# Can a Crybaby Wah also be a volume pedal?



## GTmaker (Apr 24, 2006)

HI folks

Simple question.
Is there a mod that will convert a Crybaby Wah to also be a volume pedal when the Wah effect is off?

Just wondering....


----------



## mhammer (Nov 30, 2007)

Technically, yes, although I have no idea how well it does this.

here is a schematic for the Maestro Boomerang 2: http://fuzzcentral.ssguitar.com/schematics/maestroboomerang2.gif

The switch converts it from wah to volume.

Here is a schematic of a Dunlop GCB-95 Cry Baby: http://fuzzcentral.ssguitar.com/schematics/crybaby.gif

It is possible that all you need to do is install a switch that connects the junction of the .01uf cap and 1k5 resistor to ground, but the circuit is different in several other ways, so that is not a guaranteed result.

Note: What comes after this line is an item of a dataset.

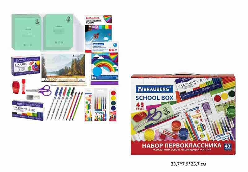 кс_Набор школьных принадлежностей в подарочной коробке арт. 880949 BRAUBERG "ПЕРВОКЛАССНИК 43 предм.

But it is easy enough to do without destroying anything, so you can give it a try.

You should also take a good long gander at the "Technology of Wah Pedals" article at geofex: http://www.geofex.com/article_folders/wahpedl/wahped.htm


----------



## devnulljp (Mar 18, 2008)

I think all you need to do is add a switch to lifting the earth connection at the 4.7 µF capacitor....I've done it by accident myself so I know it works. It's not a great volume pedal though. The Jen Wah-Volume pedal switches in a 4K7 resistor and 0.22 µF cap in series across the 0.01µF sweep cap. 

Better off buying separate wah and volume pedals.


----------



## mstrking (Nov 24, 2008)

i thought that the digitech rp's expression pedal was used as volume as well ?


----------



## devnulljp (Mar 18, 2008)

mstrking said:


> i thought that the digitech rp's expression pedal was used as volume as well ?

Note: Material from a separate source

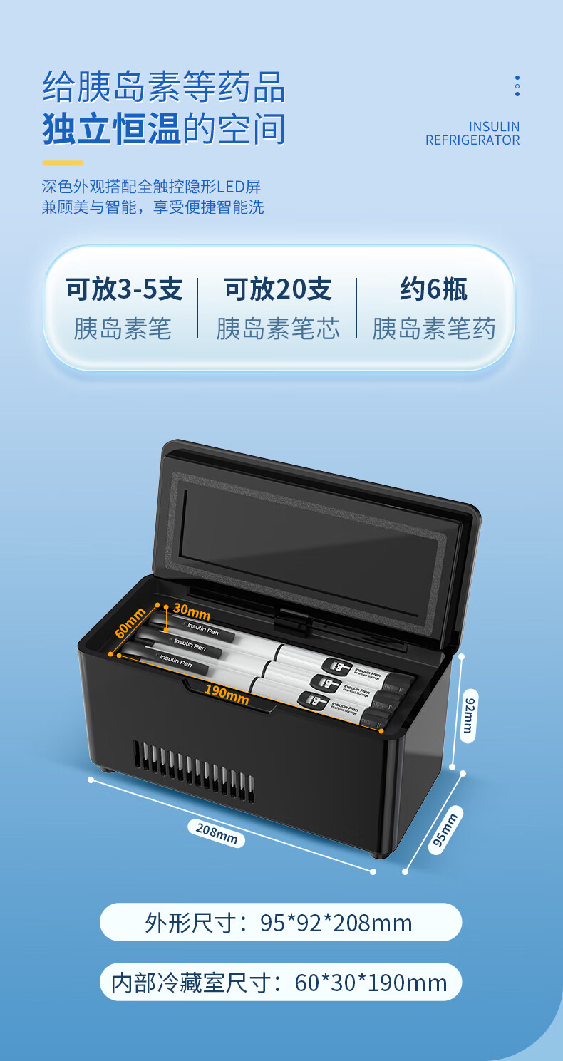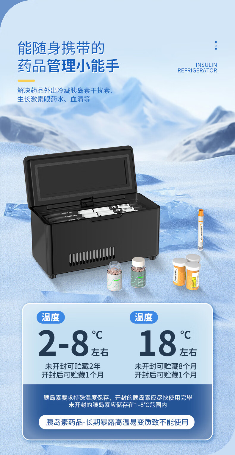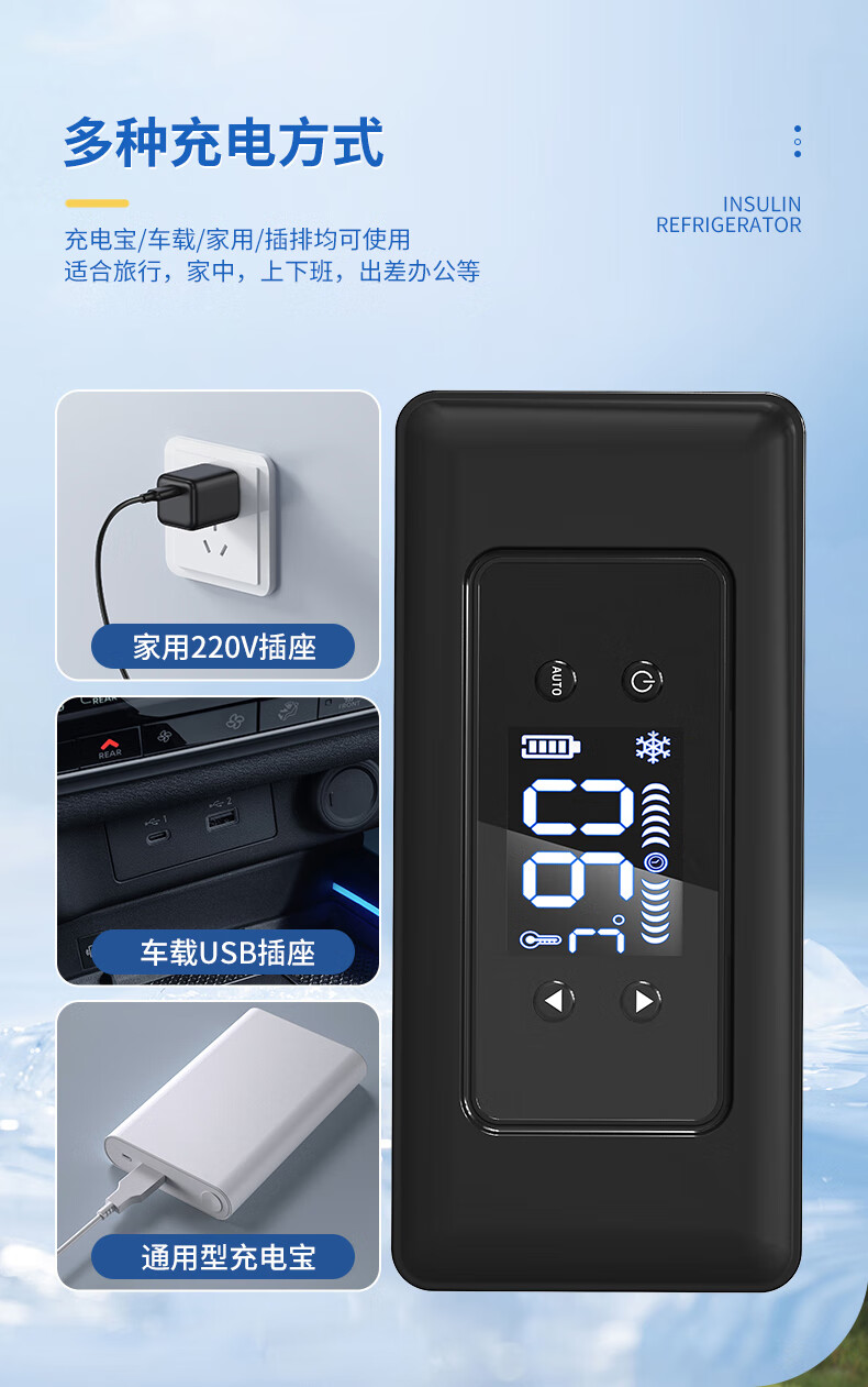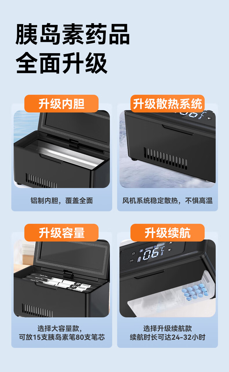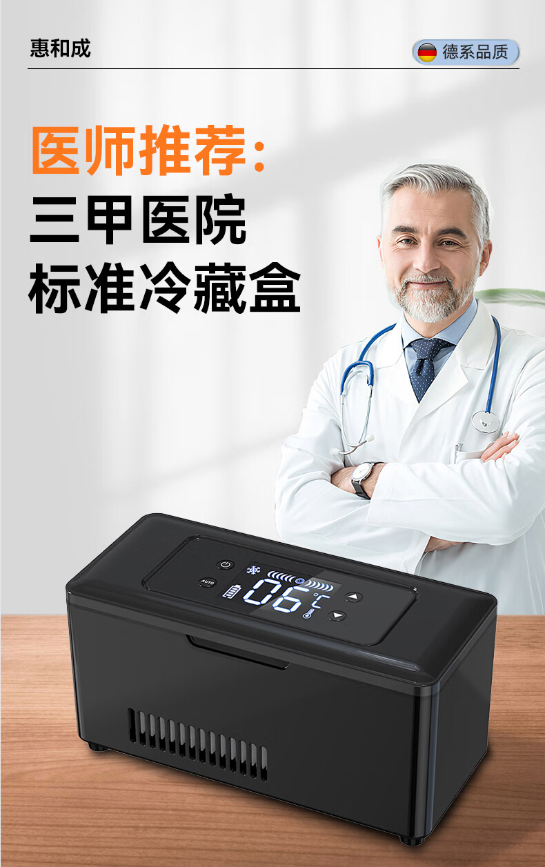 Huihecheng Insulin Refrigerator Box Portable Small Refrigerator Car-mounted Home Medical Drugs Out-of-Home Refrigerator Carry-On Charging Top Dual Battery Life Increased Capacity Storage Bag 4L Growth Hormone Interferon Special Refrigerator Cup Refrigeration Box

Yes there are combo wah-volume pedals -- the Jen I mentioned, the old Maestro Boomerang too -- but converting a bog standard crybaby? It can be done (I've done it by accident, as I mentioned), but what you get is a pretty crappy volume pedal. I'd ask bleedingfingers if there was a way to do it better than the way I mentioned, but I don't think so.


----------



## Ripper (Jul 1, 2006)

devnulljp said:


> Yes there are combo wah-volume pedals -- the Jen I mentioned, the old Maestro Boomerang too -- but converting a bog standard crybaby? It can be done (I've done it by accident, as I mentioned), but what you get is a pretty crappy volume pedal. I'd ask bleedingfingers if there was a way to do it better than the way I mentioned, but I don't think so.


+1 on this. It can be done fairly easily but it makes a crappy volume pedal. I've done it in the past just for fun to see how it would work and it went back to being a wah fairly quickly.


----------